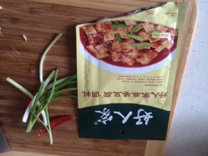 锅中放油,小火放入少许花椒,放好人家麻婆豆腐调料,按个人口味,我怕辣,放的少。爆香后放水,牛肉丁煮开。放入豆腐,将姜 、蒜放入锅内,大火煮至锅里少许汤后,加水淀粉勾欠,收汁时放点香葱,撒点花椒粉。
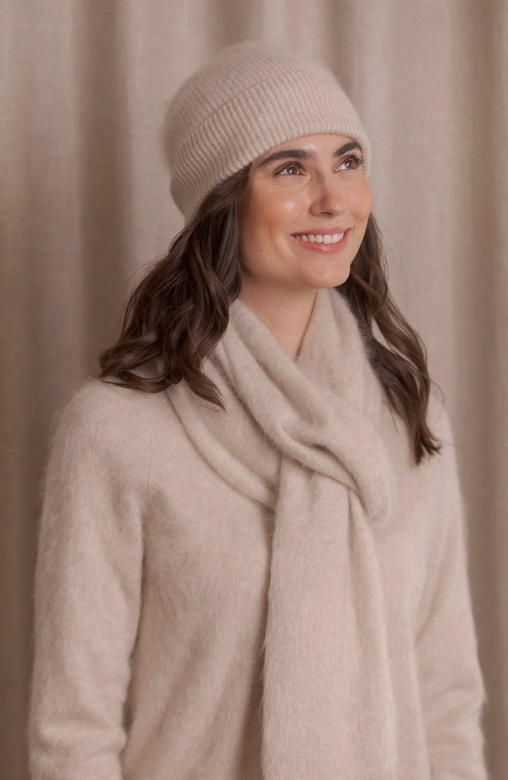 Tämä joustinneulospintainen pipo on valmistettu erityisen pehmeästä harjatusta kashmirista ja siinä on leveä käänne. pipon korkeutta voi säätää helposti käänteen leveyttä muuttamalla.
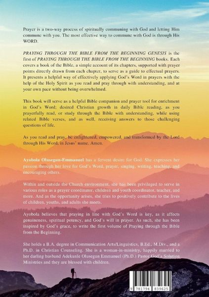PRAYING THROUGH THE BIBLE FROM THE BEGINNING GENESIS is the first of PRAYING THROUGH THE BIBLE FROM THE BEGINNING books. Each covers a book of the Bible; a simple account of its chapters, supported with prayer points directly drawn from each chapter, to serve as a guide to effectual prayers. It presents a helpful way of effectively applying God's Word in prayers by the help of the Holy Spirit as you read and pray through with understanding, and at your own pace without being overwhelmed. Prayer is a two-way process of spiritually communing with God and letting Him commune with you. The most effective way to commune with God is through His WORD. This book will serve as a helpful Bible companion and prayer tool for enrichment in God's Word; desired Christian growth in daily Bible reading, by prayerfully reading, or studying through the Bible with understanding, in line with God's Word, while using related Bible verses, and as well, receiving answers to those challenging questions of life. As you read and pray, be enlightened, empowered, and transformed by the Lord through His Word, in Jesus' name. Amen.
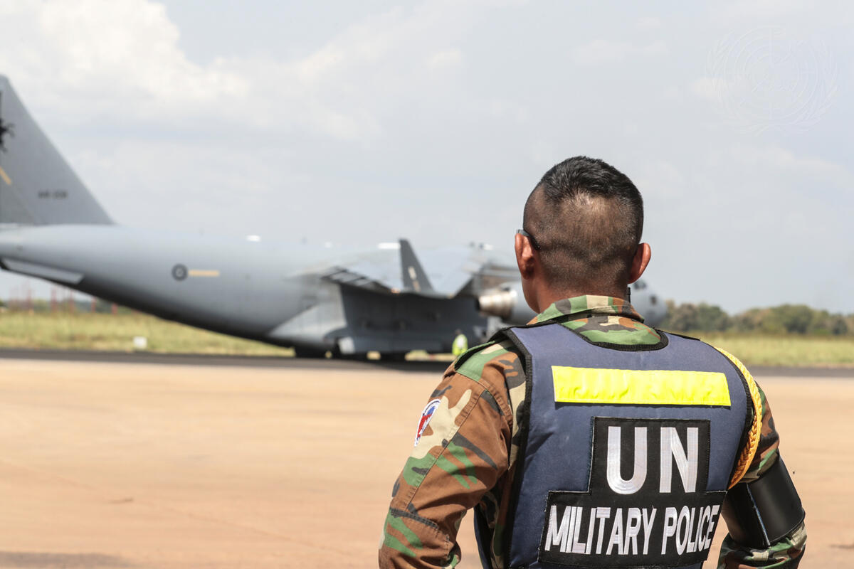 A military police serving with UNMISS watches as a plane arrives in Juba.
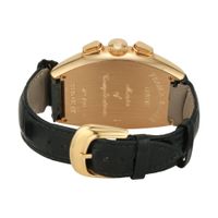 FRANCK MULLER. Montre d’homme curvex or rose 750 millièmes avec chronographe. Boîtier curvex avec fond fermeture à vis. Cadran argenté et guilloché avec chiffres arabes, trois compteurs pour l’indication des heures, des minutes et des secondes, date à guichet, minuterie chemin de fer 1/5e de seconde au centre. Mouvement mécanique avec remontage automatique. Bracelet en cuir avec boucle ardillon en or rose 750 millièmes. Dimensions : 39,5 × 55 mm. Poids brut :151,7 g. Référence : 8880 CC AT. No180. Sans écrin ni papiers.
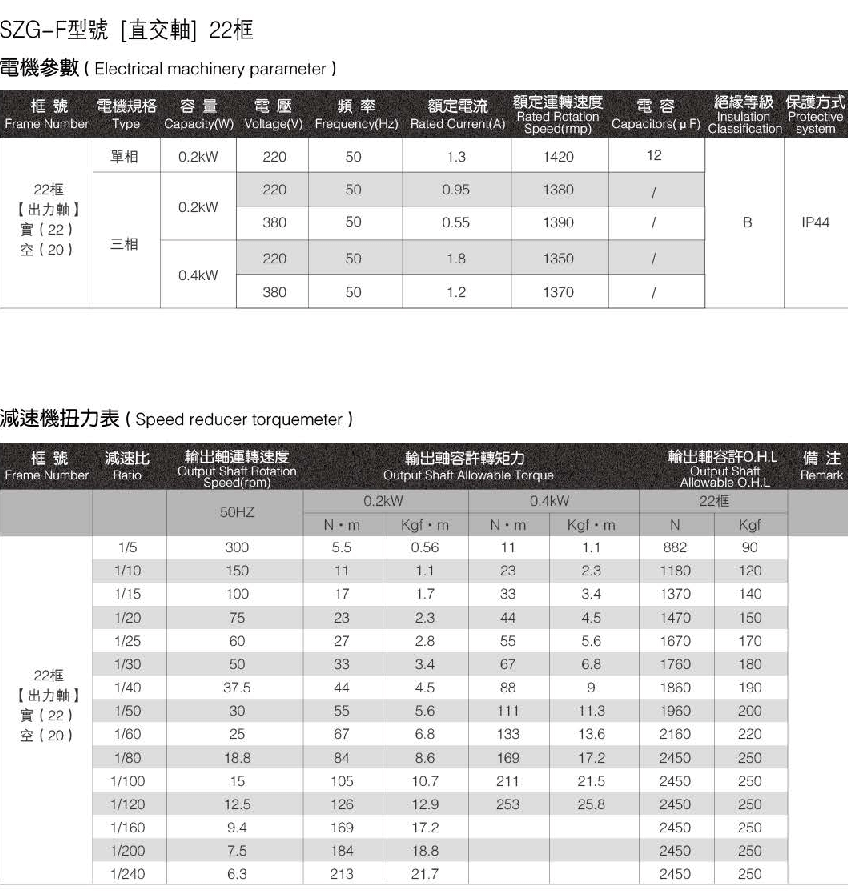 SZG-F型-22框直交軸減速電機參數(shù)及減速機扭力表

* [About this task]:
Your copy of the material above should be exact and free of pictures.

* [Response box]:
 锅中放油,小火放入少许花椒,放好人家麻婆豆腐调料,按个人口味,我怕辣,放的少。爆香后放水,牛肉丁煮开。放入豆腐,将姜 、蒜放入锅内,大火煮至锅里少许汤后,加水淀粉勾欠,收汁时放点香葱,撒点花椒粉。
 Tämä joustinneulospintainen pipo on valmistettu erityisen pehmeästä harjatusta kashmirista ja siinä on leveä käänne. pipon korkeutta voi säätää helposti käänteen leveyttä muuttamalla.
PRAYING THROUGH THE BIBLE FROM THE BEGINNING GENESIS is the first of PRAYING THROUGH THE BIBLE FROM THE BEGINNING books. Each covers a book of the Bible; a simple account of its chapters, supported with prayer points directly drawn from each chapter, to serve as a guide to effectual prayers. It presents a helpful way of effectively applying God's Word in prayers by the help of the Holy Spirit as you read and pray through with understanding, and at your own pace without being overwhelmed. Prayer is a two-way process of spiritually communing with God and letting Him commune with you. The most effective way to commune with God is through His WORD. This book will serve as a helpful Bible companion and prayer tool for enrichment in God's Word; desired Christian growth in daily Bible reading, by prayerfully reading, or studying through the Bible with understanding, in line with God's Word, while using related Bible verses, and as well, receiving answers to those challenging questions of life. As you read and pray, be enlightened, empowered, and transformed by the Lord through His Word, in Jesus' name. Amen.
 A military police serving with UNMISS watches as a plane arrives in Juba.
 FRANCK MULLER. Montre d’homme curvex or rose 750 millièmes avec chronographe. Boîtier curvex avec fond fermeture à vis. Cadran argenté et guilloché avec chiffres arabes, trois compteurs pour l’indication des heures, des minutes et des secondes, date à guichet, minuterie chemin de fer 1/5e de seconde au centre. Mouvement mécanique avec remontage automatique. Bracelet en cuir avec boucle ardillon en or rose 750 millièmes. Dimensions : 39,5 × 55 mm. Poids brut :151,7 g. Référence : 8880 CC AT. No180. Sans écrin ni papiers.
 SZG-F型-22框直交軸減速電機參數(shù)及減速機扭力表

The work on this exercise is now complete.